SQL Reloaded: Splitting a String (Before and After)

Starting with SQL Server 2016 Microsoft introduced the STRING_SPLIT table-valued function, which splits a string into rows of substrings, based on a specified separator character (e.g. “:”).


-- splitting a string (SQL Server 2016+)
SELECT *
FROM STRING_SPLIT('100001::M:black:', ':') 

The table-valued function object allowed also earlier to implement the same functionality, either by looping through the string or by using a common table expression. Here’s the implementation based on a loop (it was modified from a previous version to include an index):


-- split table-valued function with an index
CREATE FUNCTION [dbo].[SplitListWithIndex]( 
  @ListValues varchar(500) 
, @Delimiter char(1)) 
RETURNS @Temp TABLE(
  Ind int
, Value varchar(50)) 
AS 
BEGIN 
 DECLARE @Index int 
 DECLARE @Length int 
 DECLARE @Ind int 

 SET @Index = CharIndex(@Delimiter, @ListValues) 
 SET @Length = Len(@ListValues) - @Index 
 SET @Ind = 1
   
 WHILE @Index > 0 --if the fatch was successful
 BEGIN 
  INSERT @Temp 
  VALUES(@Ind, Substring(@ListValues, 0, @Index)) 

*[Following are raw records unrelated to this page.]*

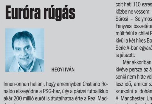 A Manchester United 105 milliót fizetett a Juventusnak a francia Paul Pogba visszavételéért, a Real Madrid éppen 100 milliót folyósított a Tottenhamnek Gareth Bale szerződtetéséért, a Juventus 90 milliót pengetett le a Napolinak Gonzalo Higuain megszerzéséért, a Sanghaj 70 milliót utalt át a Chelsea-nek a brazil Oscar megkaparintásáért. Na most, ha Oscar megér hetvenet, Higuain kilencvenet, Bale pedig százat, akkor Cristiano Ronaldóért igazán nem lenne sok az a kétszáz…
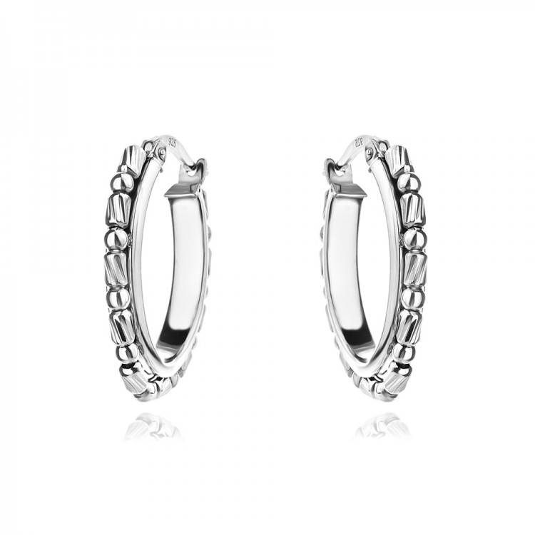 Обеци Glossy са истинско бижу за ценители, съчетаващо кралско величие и съвременен стил. Дизайнът впечатлява с прецизна симетрия и богата текстура, в която огледално полирани повърхности се срещат с майсторски изработен диамантиран ефект.
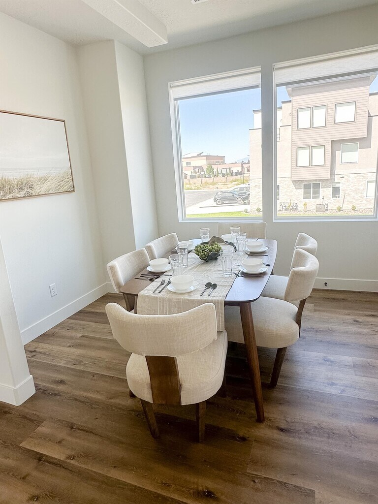 Brand new luxury townhomes. Top of the line finishes, bright and open floor plan, windows, 2 rooftop decks, quiet, beautiful mountain views. $0 Monthly Package: Fiber Internet & Direct TV included in rent $0 Monthly Per Car | Max 3 Cars Per Apartment $50 Additional Fee per Unit Washer and Dryer if you chose Water | Sewer | Trash - To Property $65 a month Included Snow Removal | Maintenance of amenities (parks, basketball/pickleball) App fee $50 Per Person Security deposit $700 (With approved credit) $250 is Non-Refundable Management Administrative fee Pet Deposit $500 Non- Refundable Per Pet $75 Per Pet | Max of 2 Pets Unit amenities Air conditioner, Cable, Dishwasher, Disposal, Double sink vanity, Garage parking, Hardwood floors, Kitchen island, Laundry hookup, Microwave, Mirrors, Pet friendly, Refrigerator, Stove and oven, View, Walk-in closets, Window coverings quiet townhome community with pickleball, basketball, grass areas, and playgrounds.
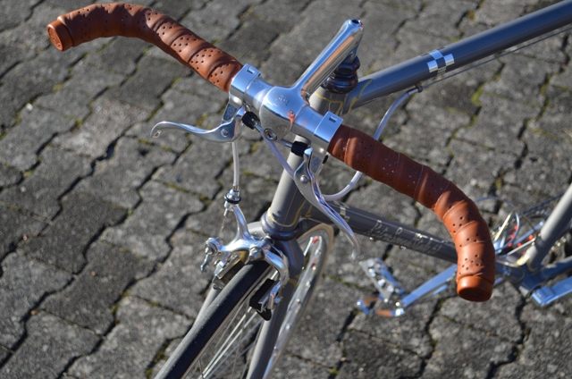 Die Lenkzentrale - kurzer Cyclo Lenker mit Lederband bewickelt. Die kleinen Sunhebel
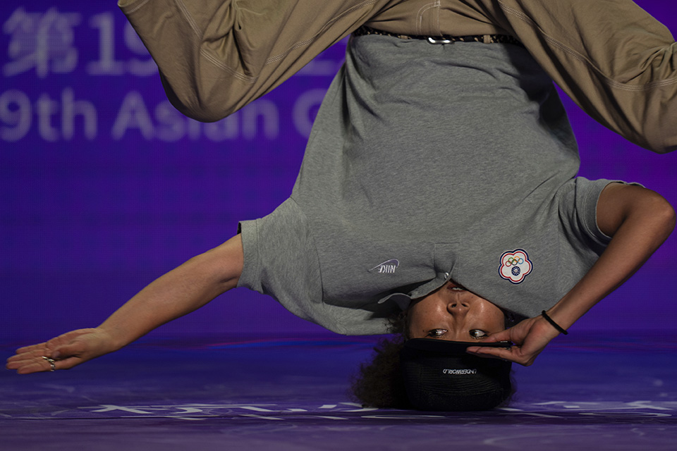 Στο πλαίσιο των Ασιατικών Αγώνων που διεξάγονται στο Hangzhou της Κίνας έγιναν και οι προκριματικοί στο breakdancing. Στην φωτογραφία η Yang Jia Li από την Ταϊβάν στην διάρκεια της προσπάθειάς της για μια θέση στους τελικούς.
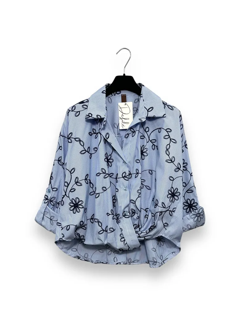 Camicia con ricami e nodo in vita
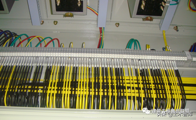有黄色的箭头可以看出总空开下控制下的分空开按照第一排算起1、4、7、10、13、16、19、21、24、27为A相空开的位置,空开所连接的相线导线的颜色均采用黄色。

  SET @ListValues = Substring(@ListValues, @Index+1, @Length) 
  SET @Index = CharIndex(@Delimiter, @ListValues) 
  SET @Length = @Length - @Index 
  SET @Ind = @Ind + 1
 END  
   
 INSERT @Temp 
 VALUES(@Ind, @ListValues) 
RETURN 
END  
GO

The function could be called in code same as the STRING_SPLIT:

-- splitting a string (SQL Server 2000+)
SELECT *
FROM dbo.SplitListWithIndex('100001::M:black:', ':') 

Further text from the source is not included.